[Saved data entries]
☆ ☆ ☆ ☆
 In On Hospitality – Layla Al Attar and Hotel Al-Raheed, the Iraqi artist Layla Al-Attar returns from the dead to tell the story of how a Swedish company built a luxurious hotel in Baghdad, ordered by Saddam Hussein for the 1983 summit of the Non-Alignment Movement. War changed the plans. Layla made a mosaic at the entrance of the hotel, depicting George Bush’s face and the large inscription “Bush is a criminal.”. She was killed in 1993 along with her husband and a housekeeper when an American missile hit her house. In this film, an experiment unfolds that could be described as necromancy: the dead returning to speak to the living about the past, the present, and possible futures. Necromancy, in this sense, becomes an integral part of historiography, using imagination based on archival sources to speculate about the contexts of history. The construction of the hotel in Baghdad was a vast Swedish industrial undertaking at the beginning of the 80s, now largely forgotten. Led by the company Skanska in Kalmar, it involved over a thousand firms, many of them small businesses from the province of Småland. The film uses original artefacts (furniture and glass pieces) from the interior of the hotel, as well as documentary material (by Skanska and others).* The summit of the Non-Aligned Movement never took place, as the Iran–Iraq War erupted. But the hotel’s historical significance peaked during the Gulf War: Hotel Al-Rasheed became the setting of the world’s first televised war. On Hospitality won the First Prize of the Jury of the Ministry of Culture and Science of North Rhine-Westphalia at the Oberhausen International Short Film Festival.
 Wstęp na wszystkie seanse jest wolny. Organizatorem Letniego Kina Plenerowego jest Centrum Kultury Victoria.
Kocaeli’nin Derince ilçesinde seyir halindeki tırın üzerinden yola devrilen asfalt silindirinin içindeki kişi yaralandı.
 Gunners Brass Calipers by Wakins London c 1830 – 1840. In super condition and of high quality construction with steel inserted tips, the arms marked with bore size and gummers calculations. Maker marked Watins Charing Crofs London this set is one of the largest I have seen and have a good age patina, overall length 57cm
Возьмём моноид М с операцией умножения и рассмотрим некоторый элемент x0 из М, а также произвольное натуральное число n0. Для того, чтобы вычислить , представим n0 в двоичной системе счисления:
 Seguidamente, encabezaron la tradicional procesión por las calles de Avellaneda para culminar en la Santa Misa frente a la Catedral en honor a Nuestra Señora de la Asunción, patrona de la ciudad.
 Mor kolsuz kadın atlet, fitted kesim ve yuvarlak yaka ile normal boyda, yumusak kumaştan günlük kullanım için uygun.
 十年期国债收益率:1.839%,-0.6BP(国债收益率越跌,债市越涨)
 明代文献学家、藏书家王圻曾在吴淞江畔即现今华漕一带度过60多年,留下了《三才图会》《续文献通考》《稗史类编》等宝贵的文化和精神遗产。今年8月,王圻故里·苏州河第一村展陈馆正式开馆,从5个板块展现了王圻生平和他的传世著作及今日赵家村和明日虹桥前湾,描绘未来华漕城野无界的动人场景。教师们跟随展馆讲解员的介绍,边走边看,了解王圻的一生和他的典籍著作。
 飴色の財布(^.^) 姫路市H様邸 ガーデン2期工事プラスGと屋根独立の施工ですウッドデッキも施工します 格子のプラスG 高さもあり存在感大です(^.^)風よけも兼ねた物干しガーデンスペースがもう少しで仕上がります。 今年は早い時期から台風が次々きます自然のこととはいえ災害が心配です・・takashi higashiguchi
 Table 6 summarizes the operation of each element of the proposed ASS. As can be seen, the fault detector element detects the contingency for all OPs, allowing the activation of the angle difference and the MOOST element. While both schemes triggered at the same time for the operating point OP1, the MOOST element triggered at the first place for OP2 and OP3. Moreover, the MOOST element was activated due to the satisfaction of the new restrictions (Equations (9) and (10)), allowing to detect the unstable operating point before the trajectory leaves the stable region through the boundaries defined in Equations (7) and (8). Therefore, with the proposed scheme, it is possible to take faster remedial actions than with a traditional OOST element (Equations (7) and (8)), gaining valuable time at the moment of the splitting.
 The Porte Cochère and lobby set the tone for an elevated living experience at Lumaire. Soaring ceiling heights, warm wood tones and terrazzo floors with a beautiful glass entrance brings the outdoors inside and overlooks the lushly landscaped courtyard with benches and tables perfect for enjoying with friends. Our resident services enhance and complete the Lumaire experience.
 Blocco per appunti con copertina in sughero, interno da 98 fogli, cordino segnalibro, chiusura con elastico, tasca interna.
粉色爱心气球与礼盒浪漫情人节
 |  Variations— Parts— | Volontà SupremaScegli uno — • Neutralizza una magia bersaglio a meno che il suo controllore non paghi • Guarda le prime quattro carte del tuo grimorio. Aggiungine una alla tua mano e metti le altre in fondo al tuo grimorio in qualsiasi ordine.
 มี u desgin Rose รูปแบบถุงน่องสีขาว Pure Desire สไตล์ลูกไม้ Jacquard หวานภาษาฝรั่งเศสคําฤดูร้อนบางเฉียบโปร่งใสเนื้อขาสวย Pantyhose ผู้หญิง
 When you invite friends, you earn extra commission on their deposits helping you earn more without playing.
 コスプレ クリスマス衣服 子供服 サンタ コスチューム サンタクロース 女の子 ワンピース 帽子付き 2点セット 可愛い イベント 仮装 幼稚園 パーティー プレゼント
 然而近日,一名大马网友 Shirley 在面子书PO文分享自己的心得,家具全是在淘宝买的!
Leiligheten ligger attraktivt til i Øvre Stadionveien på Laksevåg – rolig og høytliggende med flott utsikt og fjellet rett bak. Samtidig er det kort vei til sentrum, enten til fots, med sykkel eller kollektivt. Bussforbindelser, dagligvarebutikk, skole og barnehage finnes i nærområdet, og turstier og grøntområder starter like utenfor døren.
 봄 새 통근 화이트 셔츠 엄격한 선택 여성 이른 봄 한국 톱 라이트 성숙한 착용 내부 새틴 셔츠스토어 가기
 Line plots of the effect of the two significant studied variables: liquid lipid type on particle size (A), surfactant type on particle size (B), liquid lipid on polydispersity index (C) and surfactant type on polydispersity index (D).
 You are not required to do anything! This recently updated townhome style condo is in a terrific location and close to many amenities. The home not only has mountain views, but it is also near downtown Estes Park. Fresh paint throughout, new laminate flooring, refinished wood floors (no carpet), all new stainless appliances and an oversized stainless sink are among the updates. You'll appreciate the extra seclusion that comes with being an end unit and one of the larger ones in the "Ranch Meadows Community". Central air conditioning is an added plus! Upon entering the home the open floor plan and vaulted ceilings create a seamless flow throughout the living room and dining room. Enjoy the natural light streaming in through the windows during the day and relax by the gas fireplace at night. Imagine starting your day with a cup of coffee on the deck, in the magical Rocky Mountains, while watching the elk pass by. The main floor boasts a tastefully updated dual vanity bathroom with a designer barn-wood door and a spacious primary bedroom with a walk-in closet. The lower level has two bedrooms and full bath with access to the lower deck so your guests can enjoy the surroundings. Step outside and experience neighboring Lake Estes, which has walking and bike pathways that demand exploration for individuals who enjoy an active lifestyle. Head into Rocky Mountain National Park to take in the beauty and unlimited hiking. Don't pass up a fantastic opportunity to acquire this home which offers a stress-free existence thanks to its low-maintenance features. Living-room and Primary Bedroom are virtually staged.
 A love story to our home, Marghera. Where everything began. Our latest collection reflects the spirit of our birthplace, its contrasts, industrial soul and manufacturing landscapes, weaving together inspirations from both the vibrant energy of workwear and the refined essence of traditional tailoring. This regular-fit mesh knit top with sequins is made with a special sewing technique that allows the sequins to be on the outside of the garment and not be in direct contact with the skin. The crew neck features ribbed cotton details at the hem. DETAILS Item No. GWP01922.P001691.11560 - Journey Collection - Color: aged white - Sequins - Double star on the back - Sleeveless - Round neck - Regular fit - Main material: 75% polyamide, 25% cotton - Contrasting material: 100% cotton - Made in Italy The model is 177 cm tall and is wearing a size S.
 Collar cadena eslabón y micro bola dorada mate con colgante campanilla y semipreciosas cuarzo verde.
☆ ☆ ☆ ☆
[EXERCISE PROMPT] In the entries above, the lines between the one holding "Возьмём моноид М" and the one holding "飴色の財布(^.^) 姫路市H様邸 ガーデン2期工事プラスGと屋根独立の施工ですウッドデッキも施工します", inclusive, are to be printed exactly as written, and those alone.

[SOLUTION FOR THIS TASK]
Возьмём моноид М с операцией умножения и рассмотрим некоторый элемент x0 из М, а также произвольное натуральное число n0. Для того, чтобы вычислить , представим n0 в двоичной системе счисления:
 Seguidamente, encabezaron la tradicional procesión por las calles de Avellaneda para culminar en la Santa Misa frente a la Catedral en honor a Nuestra Señora de la Asunción, patrona de la ciudad.
 Mor kolsuz kadın atlet, fitted kesim ve yuvarlak yaka ile normal boyda, yumusak kumaştan günlük kullanım için uygun.
 十年期国债收益率:1.839%,-0.6BP(国债收益率越跌,债市越涨)
 明代文献学家、藏书家王圻曾在吴淞江畔即现今华漕一带度过60多年,留下了《三才图会》《续文献通考》《稗史类编》等宝贵的文化和精神遗产。今年8月,王圻故里·苏州河第一村展陈馆正式开馆,从5个板块展现了王圻生平和他的传世著作及今日赵家村和明日虹桥前湾,描绘未来华漕城野无界的动人场景。教师们跟随展馆讲解员的介绍,边走边看,了解王圻的一生和他的典籍著作。
 飴色の財布(^.^) 姫路市H様邸 ガーデン2期工事プラスGと屋根独立の施工ですウッドデッキも施工します 格子のプラスG 高さもあり存在感大です(^.^)風よけも兼ねた物干しガーデンスペースがもう少しで仕上がります。 今年は早い時期から台風が次々きます自然のこととはいえ災害が心配です・・takashi higashiguchi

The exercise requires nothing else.